The Route 128 West lab submarket that includes Watertown has an availability rate of 32.6%, according to CBRE. While that’s high, it’s significantly lower than some of the other areas that have recently seen lots of lab development. 

“Watertown has established itself as a bona fide life sciences hub that checks basically all the boxes,” said Bob Richards, the JLL executive managing director who represents tenants in transactions. “I see that market continuing to benefit and to grow.”

Some other suburbs have met with limited success lately in drawing in new life sciences tenants. Moderna Inc. and Novo Nordisk recently signed leases of about 26,000 square feet in Waltham and Lexington, respectively, according to CBRE research.

In Somerville and other cities and towns just north of Cambridge, a whopping 70.6% of lab space is available for rent, CBRE found. 

Somerville’s predicament is largely one of timing.
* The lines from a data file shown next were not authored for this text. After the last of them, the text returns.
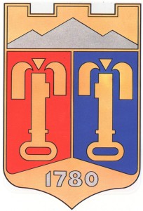 Щит рассечен червленью и лазурью. Оба поля обременены золотым стилизованным ключом-фонтаном в столб. В золотой зубчатой главе щита серебряный силуэт горы с тремя вершинами. В золотой треугольной оконечности серебряные цифры 1780.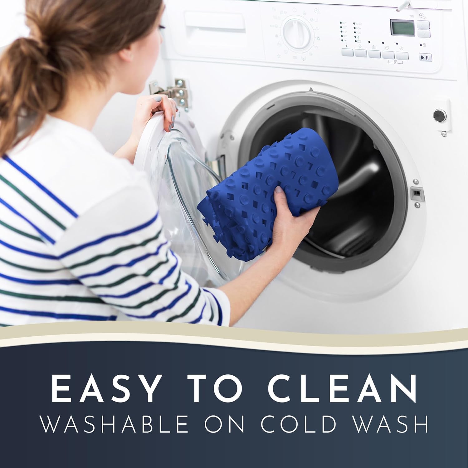 Dimensions 34.5 x 15.5 inches Bathtub Mat and 21 x 21 inches Shower Mat FAQs & IMPORTANT INFORMATION FOR THE USAGE 1. On what surfaces do the mats work? Only use our mats on clean, smooth, and untextured shower trays or tub floors. On structured surfaces the vacuum won't build up in the suction cups. 2. What do I need to do before using the shower mat? It's mandatory to rinse the shower beforehand - it should be properly wet - and then firmly press and smooth the mat with your hands or, with a secure stance, your feet on the floor of the tray. Check to make sure it's securely in place before stepping on it. 3. How can I take care of the mat? Our mat is inherently made from a durable material and is machine washable. We strongly recommend rinsing your mat after each use and hanging it to dry on the supplied hooks. This way, you'll enjoy the mat for years! 4. How can I hang the shower mat to dry? Place the self-adhesive hooks on a clean, dry, and smooth surface, and simply hang the mat on the drain holes. To remove the hooks, gently warm them with a hairdryer and peel them off from one corner. They are reusable. 5. My shower mat has wrinkles - what can I do? After unpacking, it's possible that the shower mat might be a bit "folded." Don't worry! Simply place it in hot water - either in a tub or installed to the shower floor - it will quickly smooth out. 6. Can the mat be used with a drain in the center of the shower? Yes, the extra-large holes allow for optimal water circulation and drainage - regardless of where the drain is located. 7. Is the mat made of? Our mat is made of skin friendly vinyl (PVC) and is regularly tested on-site by a registered testing institute in accordance with Article 59, Paragraph 10 of the REACH Regulation.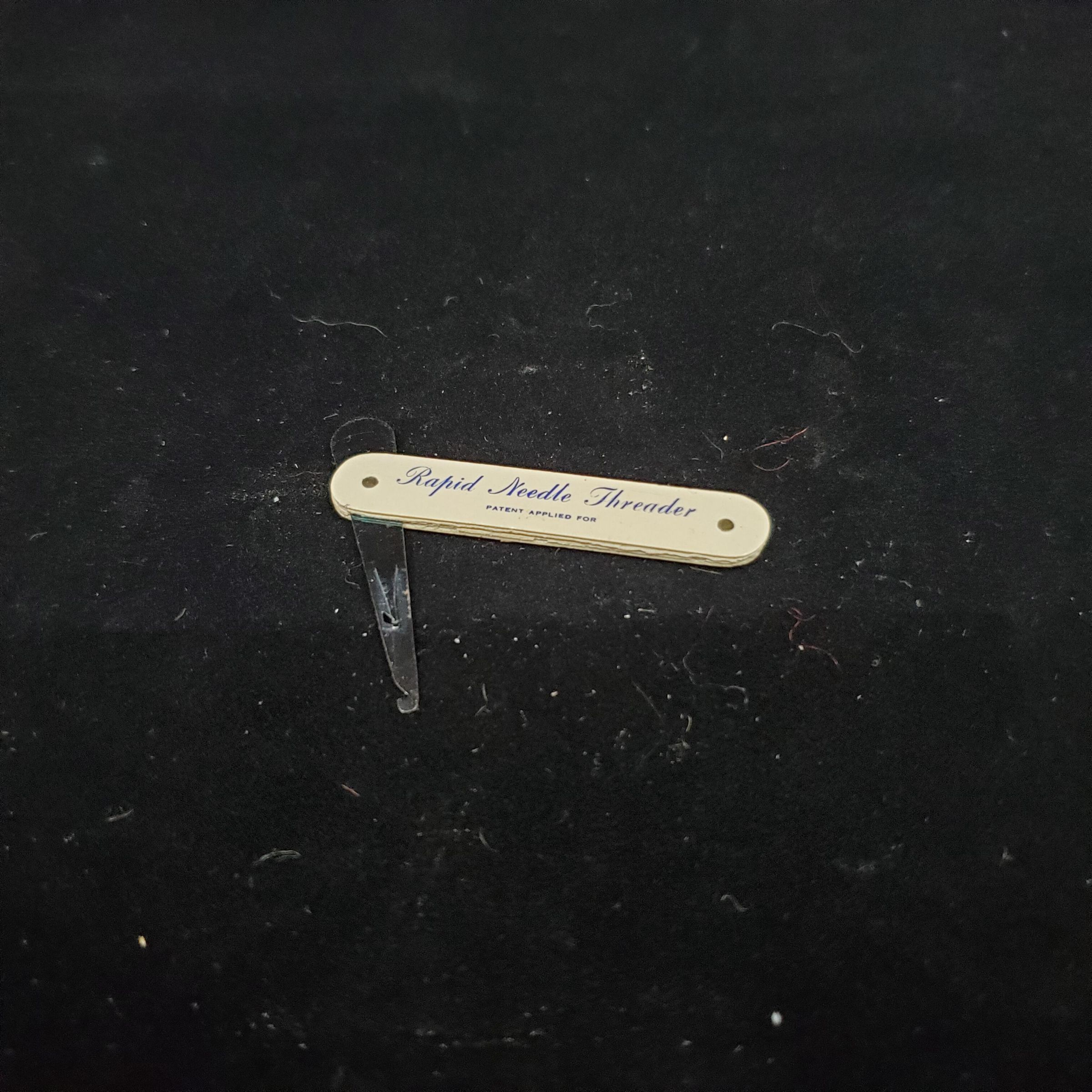 Needle threader in cream coloured plastic sheath. Blade opens out.Printed in black on outside ÒRapid Needle ThreaderÓ and ÒPatent Applied ForÓ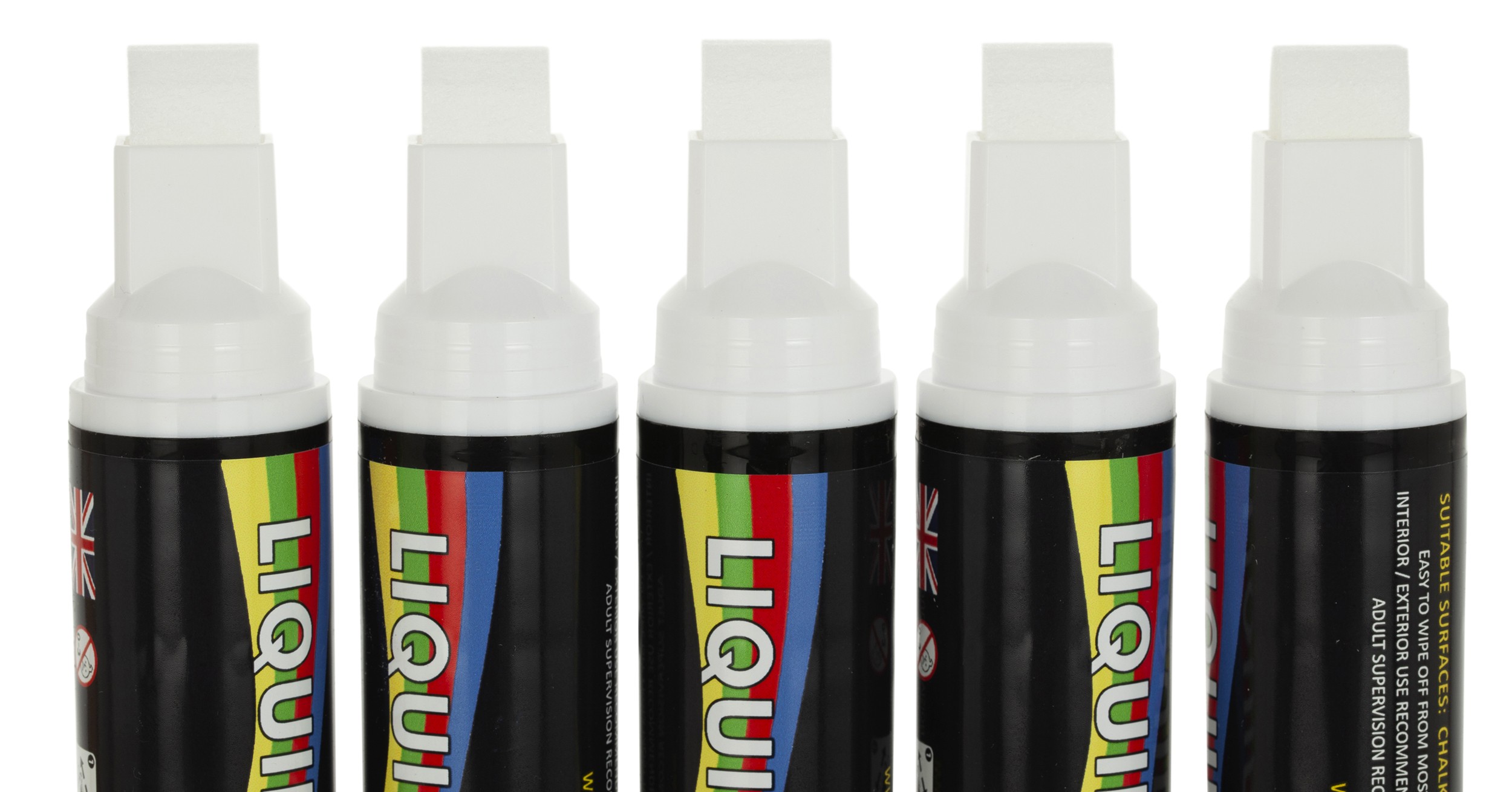 These 15mm Chisel Tip Chalk Pen White are non-toxic, water-based marker pens designed for writing on non-porous surfaces such as blackboards, mirrors, chalkboards, whiteboards and glass surfaces. Suitable for both indoor and outdoor use these chalk pens are a great way to advertise daily specials to your customers then simply wipe and re-write the next day….it’s that easy!

The city’s first large lab building, Boynton Yards’ 101 South St., opened in 2021 fully leased. But since interest rates spiked and demand dropped beginning in mid-2022, several similarly sized lab complexes in Union Square and Assembly Square have hit the market  — or are about to hit the market — without a single tenant in place.

For a company on the lookout for space, there’s a lot to like about a situation like Somerville’s. Biotechs have the opportunity to get into new ground-up development at a time when landlords are desperate to start filling their buildings, giving the companies leverage over pricing and the length of their lease. Asking rents are falling in Cambridge, Boston and the suburbs.

The attributes that made developers build in Somerville are still there, said Jeffrey Myers, research director at Colliers, including its proximity to Cambridge and public-transit access via the new Green Line Extension. The same is true of Boston neighborhoods where more labs are starting to pop up, including Fenway, Charlestown and Allston-Brighton.

But there are risks to being first as well. There’s no guarantee that others will follow you anytime soon, given the overall lack of demand. Such companies would miss out on the cluster effect that life sciences firms like, at least in the short-term.

“There’s this sense of vibrancy that comes from being part of a cluster,” Jacobs said. “You feel you’re part of an ecosystem where there’s innovation, there’s excitement, there’s growth happening.”

With so much choice about where to go, life sciences companies will need to weigh which considerations matter most for the workforce they have, as well as the one they want, according to experts.

“It always comes back to one factor: the ability to attract and retain the best people for your organization,” Richards said.